2001-08-06 Thread Hannu Krosing

mlw wrote:
> 
> Zeugswetter Andreas SB SD wrote:
> >
> > > It seems to me, I guess and others too, that the OID mechanism should
> > be on a
> > > per table basis. That way OIDs are much more likely to be unique, and
> > TRUNCATE
> > > on a table should reset it's OID counter to zero.
> >
> > Seems to me, that this would be no different than a performance improved
> > version of SERIAL.
> > If you really need OID, you imho want the systemid tableid tupleid
> > combo.

having such an global_oid fits nicely with having table-uniqe oids.

just do 

select 'mysite.'||text(tableoid)||'.'||text(oid) as global_oid from
mytable;

to get it

> I don't care about having an OID or ROWID, I care that there is a 2^32 limit to
> the current OID strategy and that a quick fix of allowing tables to exist
> without OIDs may break some existing software. I was suggesting the OIDs be
> managed on a "per table" basis as a better solution.

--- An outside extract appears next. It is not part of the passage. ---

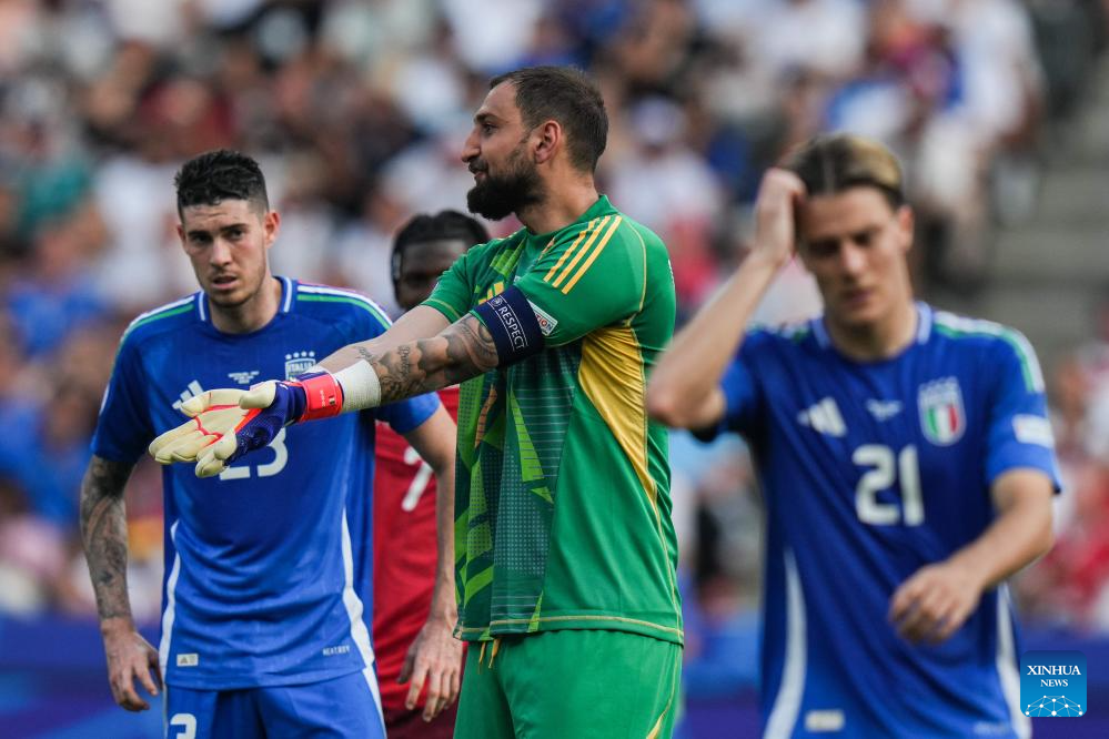 BERLIN, 30 junio, 2024 (Xinhua) -- Imagen del 29 de junio de 2024 del guardameta Gianluigi Donnarumma (c), de Italia, quejándose con el árbitro durante el partido correspondiente a los octavos de final de la EURO 2024 de la UEFA, entre Suiza e Italia, en Berlín, Alemania. (Xinhua/Peng Ziyang)

Now that we have tableoid the need of globally unique oid is much
diminished.
 
> In reality, a 32 bit OID, even isolated per table, may be too small. Databases
> are getting HUGE. 40G disk drives are less than $100 bucks, in a few months 80G
> drives will be less than $200, one can put together 200G RAID systems for about
> $1000, a terabyte for about $5000. A database that would have needed an
> enterprise level system, just 7 years ago, can be run on a $500 desktop today.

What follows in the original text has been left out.